POMONA — An alleged gang member acting as his own attorney in a murder case will have access to police reports and other legal documents in his case, a judge ruled today.
Prosecutors had previously sought to withhold such documents from Rodney Coronel Perez because they feared witnesses might be harmed if the documents, called “discovery” in legal parlance, were obtained by the accused killer.
Perez, 30, of Asuza, is accused in the execution-style shooting death of Roberta Romero, who was killed May 11, 2009 in Pomona.
Prosecutors believe Romero, 24, was targeted because she testified against a high-ranking member of the Azusa 13 street gang who was convicted of four murders and sentenced to death.
When Perez’s request to act his own attorney was granted Nov. 19, Deputy District Attorney Ian Phan asked that discovery documents be kept from Perez and instead given to a defense private investigator.
But on Tuesday in Pomona Superior Court, Phan seemed to soften his stance, noting that the California Penal Code allows access to such documents for defendants who represent themselves.
Before giving police reports and other documents to Perez, Phan told Judge Tia Fisher that he will redact addresses and other contact information for witnesses in the case and for Romero’s family members.

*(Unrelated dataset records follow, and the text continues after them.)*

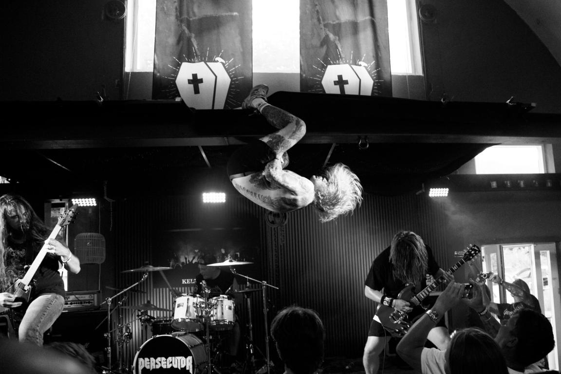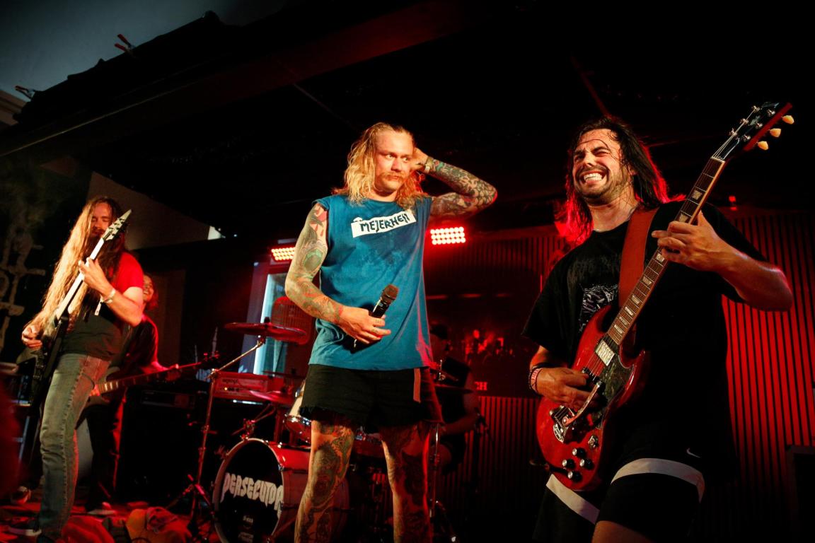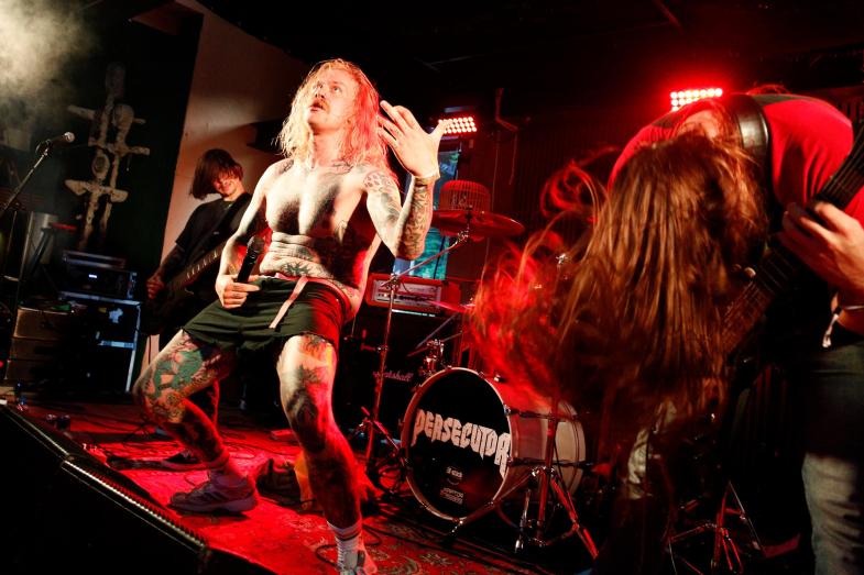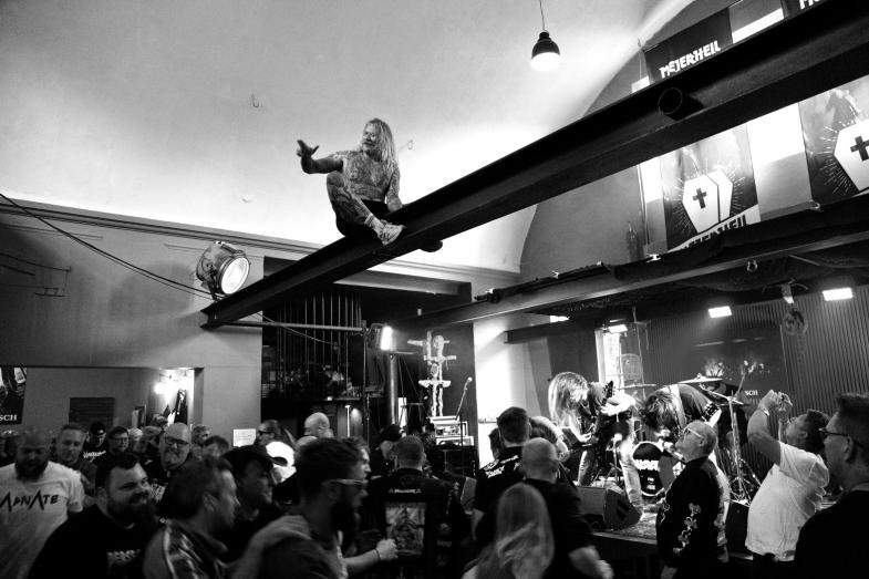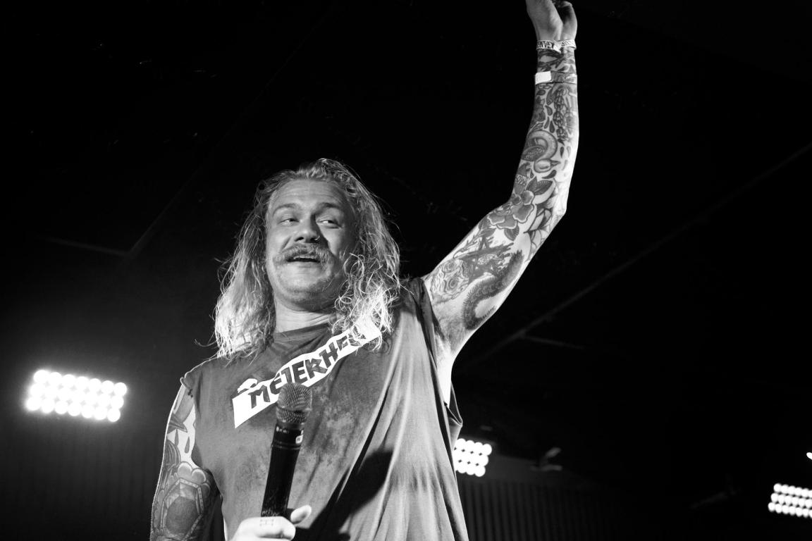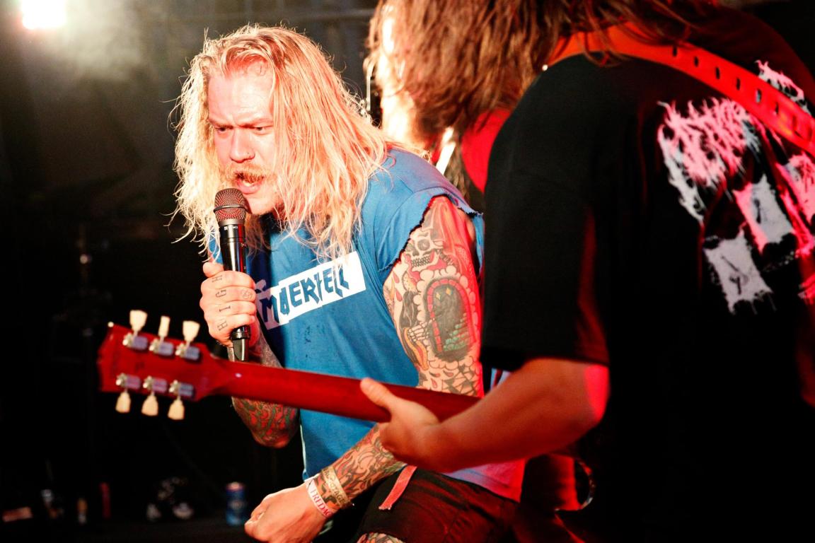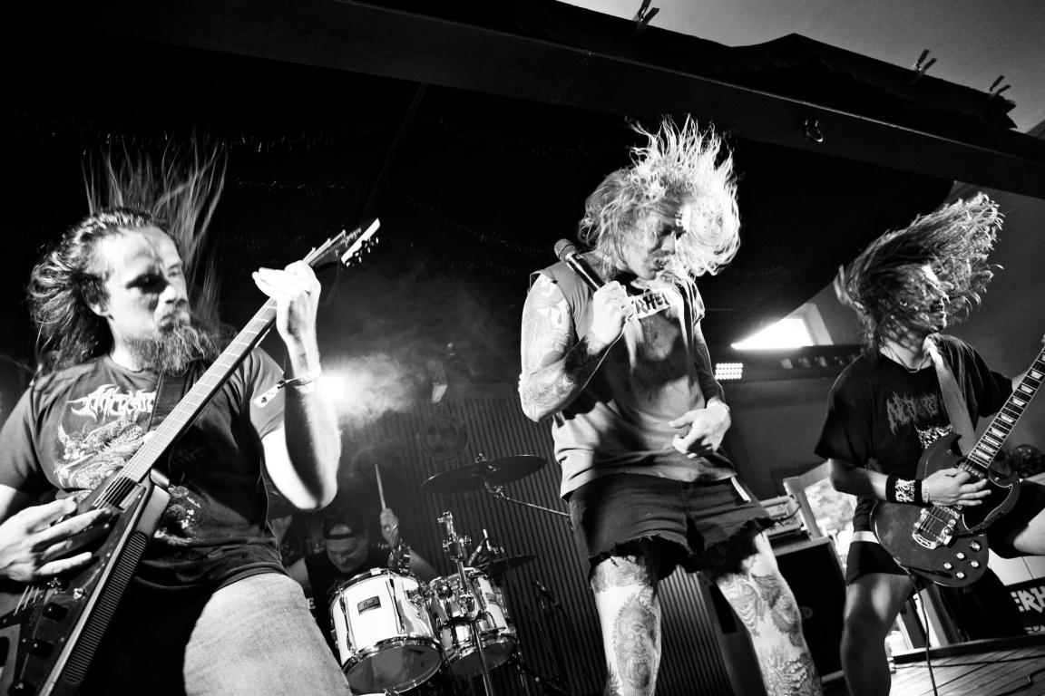 Jeg ved ikke, hvad de blander i vandet i Horsens, men for anden gang på denne dag skulle et band fra den egn være genstand for en kæmpe fest – måske er der noget med den gryde der? Bandet lagde overbevisende fra start med “Carnivore”, og fra første tone var der tændt for Truelsens showgen. Ja, i virkeligheden er det nok altid tændt. Frontmandens udskejelser grænsede til det apoplektiske under det nyere nummer “Multiplied Homicide”, der måske endnu ikke sidder på rygraden af publikum. Det blev dog spillet så overbevisende af bandet, at stemningen ikke dykkede på det grundlag. Da det, trods alt, blev tid til en lille sludrepause, blev det også tid til lidt selvironi fra Truelsen. En historie om, hvordan han til en koncert i Frankrig blev tilråbt ‘Obelix!’ af de fremmødte, grundet sin statur. Frontmanden mente dog selv, at de lyse lokker og det kraftige overskæg ledte tankerne hen på Asterix. Konklusionen blev, at han måtte være begge gallere på én gang.
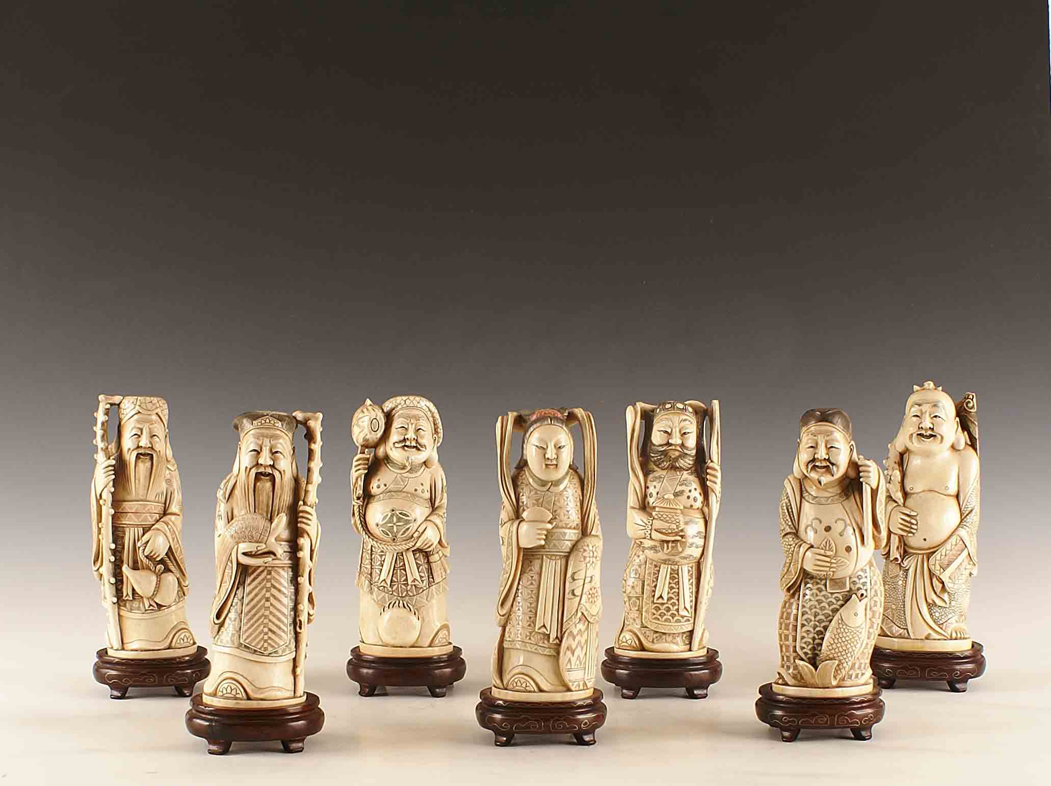 Sette sculture in avorio scolpito a tutto tondo ed inciso a raffigurare saggi...
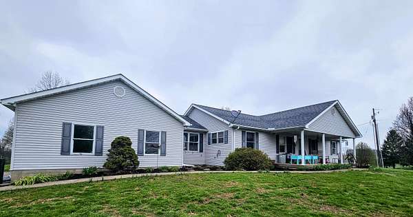 Country living at its finest! This spacious ranch sits on nearly 10 mostly flat, usable acres with a perfect blend of cleared and wooded land--complete with a pond, above-ground pool, and scenic views in every direction. Don't let the bedroom count fool you--this home offers 3+ bedroom potential! The main level features 2 bedrooms plus a versatile flex room currently used as a third bedroom, along with 2 oversized bathrooms. Everything you need is conveniently located on the main level, including laundry--ideal for easy, one-level living. Vaulted ceilings with exposed beam, a cozy fireplace, and a large screened-in porch make this home perfect for relaxing or entertaining. The mostly finished walkout basement adds even more flexibility with multiple rooms for bedroom/office space, or hobbies, plus a large family room with fireplace, full bathroom, and second laundry hookup. Kitchen features newer stainless appliances; roof replaced within the last 4 years. Attached 3-car garage (2 upper, 1 lower) plus a massive detached 4-bay garage with concrete floors and electric--perfect for a workshop, storage, or recreational vehicles. Quiet and private, yet just 10 minutes to Carrollton and I-71, and only 5 minutes to two golf courses and nearby wildlife management/public land.

Asked if he feared witnesses might be harmed as a result of Perez obtaining the documents, which number more than 2,000, Phan said, “There’s always that potential.”
“That’s why the information is redacted,” he added.
A Los Angeles County District Attorney’s Office committee is set to meet Wednesday to debate whether prosecutors should seek the death penalty against Perez and his co-defendant, Ramiro Juan Alvarez, Phan said.
Alvarez, 24, of Azusa, is accused of aiding and abetting Perez in Romero’s killing.
According to court testimony from a woman who witnessed Romero’s killing, Perez and Alvarez targeted Romero because she testified against Ralph “Swifty” Flores.
Flores was an enforcer for Azusa 13 who was convicted in 2008 of murdering four people between 1999 and 2004.
According to a transcript of testimony in his preliminary hearing, Flores shot and killed 16-year-old boy in Azusa who he’d never met because the boy was black.
Flores’ other victims included a member of a rival street gang, a woman he wrongly suspected of providing information about his gang to police, as well as a gang associate who refused to transfer ownership of her car, which the gang wanted to sell to raise money for a defense attorney for one of its members.